Understanding the mechanism behind heart failure with preserved ejection fraction has moved closer to reality with a new study from investigators at the Interdisciplinary Stem Cell Institute (ISCI) at the University of Miami Miller School of Medicine.
The study results were published in the Journal of the American College of Cardiology, one of the highest-ranking journals in the field of cardiovascular research.
The story so far involves a “bad” protein, a “good” enzyme and an unexpected finding when comparing animals and humans.
In contrast with heart failure with reduced ejection fraction — where the heart tends to pump blood less effectively over time — heart failure with preserved ejection fraction (HFpEF) is more common among people over age 65. In addition, treating patients with HFpEF can be complex, as they often present with other conditions at the same time, including hypertension, obesity, diabetes and kidney disease.
“In fact, people with chronic kidney disease and HFpEF do constitute a distinct, high-risk subgroup,” said Lina A. Shehadeh, Ph.D., senior author of the study and associate professor in the Department of Medicine’s Division of Cardiology and the ISCI.
Dr. Shehadeh, lead author Keyvan Yousefi, Pharm.D., and colleagues across the Miller campus collaborated on a study looking at HFpEF in a mouse model of Alport Syndrome, a rare kidney disease.
The current work builds on previous research that identified, for the first time, the role of the protein osteopontin in Alport Syndrome. The new results suggest that reducing high levels of osteopontin could reduce the severity of heart failure with preserved ejection fraction.

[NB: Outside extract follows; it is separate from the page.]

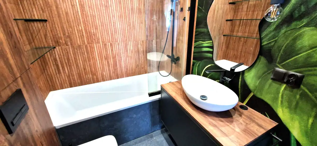 - w łazience płytki,
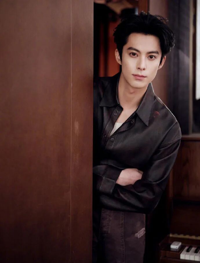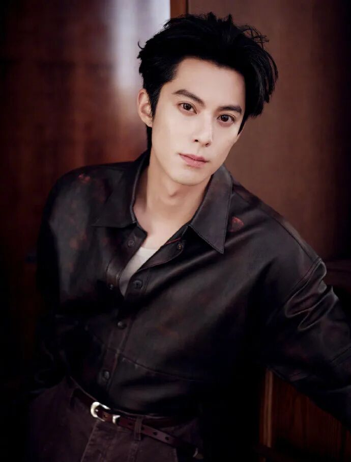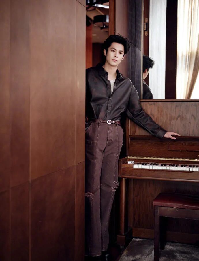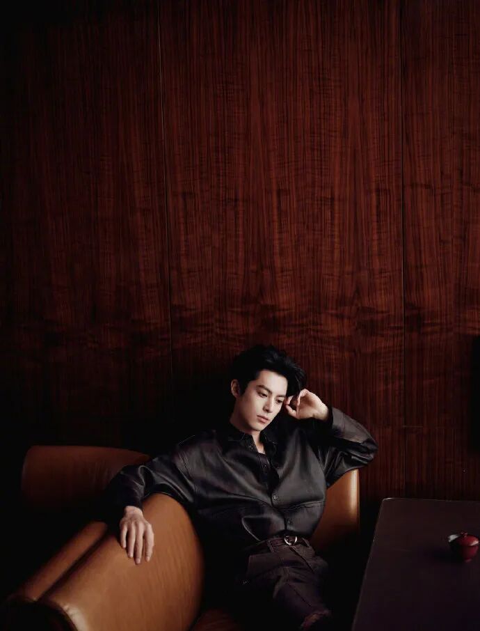哑光皮质衬衫选得太绝了 —— 不是亮面那种油腻感,而是带着细腻肌理的低调质感,微阔肩的剪裁刚好撑起他的肩线,不会垮塌也不会紧绷,抬手整理领口时,袖口微微挽起露出小臂线条,硬朗里透着点随性;搭配的水洗直筒牛仔裤更显心机,裤腰微微上提拉长比例,裤脚的自然磨白和皮衬衫的哑光质感形成呼应,不会显得头重脚轻。

The new research further indicts osteopontin as a “bad player.” It also expands Dr. Shehadeh’s work beyond the mouse model, examining human heart tissue from heart failure patients with reduced or preserved ejection fraction, as well as cardiac cells grown in the lab using induced pluripotent stem cells.
The investigation also supports a “good actor” role for an enzyme called 2-Oxoglutarate Dehydrogenase-Like or OGDHL. In the presence of elevated levels of osteopontin, however, OGDHL becomes dysregulated, the study shows.
But that’s where the unexpected result emerged.
“We were surprised to see that validation of OGDHL expression in human cardiac biopsies showed opposite results than those in the mouse,” Dr. Shehadeh said. This means that instead of OGDHL levels being low as in the sick mice, they were high in the patients.
“This could be attributed to the fact that the cardiac patients were obese and diabetic, unlike our mouse model,” she added. “However, the bottom line is that OGDHL is dysregulated in the human HFpEF hearts, and this was found based on our mouse studies.”
The HFpEF preclinical research also shows that these mice develop diastolic heart dysfunction, cardiac hypertrophy (thickening of the heart muscle) and fibrosis (formation of excess tissue). The researchers further demonstrated that lowering the levels of osteopontin improved these outcomes.
The findings suggest therapeutic targets to help people living with chronic kidney disease and HFpEF. Specifically, future treatment could include a blocker to reduce levels of the osteopontin protein or substances to maintain regulation of OGHDL.
Miller School investigators are leaders regarding this high-risk form of heart failure.
“UM doctors and researchers are aware how disadvantaged HFpEF patients are, and how there is a pressing unmet need for understanding the mechanisms of the disease, and finding novel therapies,” Dr. Shehadeh said.
Dr. Shehadeh is grateful to the Miami Heart Research Institute, NIH and AHA for funding this research program.
“One of the next investigations is an NIH-funded study to validate the findings in a pig model of renal-induced HFpEF,” she added.
“This is a really nice multidisciplinary project, since it employs the expertise and intellectual contribution from several experts in the field from basic, translational, and clinical cardiology,” said Dr. Yousefi, a Ph.D. candidate in the Department of Molecular and Cellular Pharmacology who received a Pre-doctoral Fellowship Award from the American Heart Association in 2018 to pursue this project. “I am proud to be part of an esteemed team of researchers, including Drs. Joshua Hare and Keith Webster from the Miller School, Dr. David Kass from the Johns Hopkins University, and Dr. Henk Granzier from the University of Arizona.”
Authors on this paper also included Dr. Camila Irion, co-first author and postdoctoral researcher in the Shehadeh lab, Drs. Konstantinos Hatzistergos and Lauro Takeuchi from ISCI, Dr. Wen Ding, former Ph.D. student in the Shehadeh lab and now a postdoctoral fellow at Yale School of Medicine, Guerline Lambert, research associate in the Shehadeh lab, Drs. Dong I. Lee and Virginia Hahn from Johns Hopkins, and Trevor Eisenberg and Sarah Sukkar, UM medical students.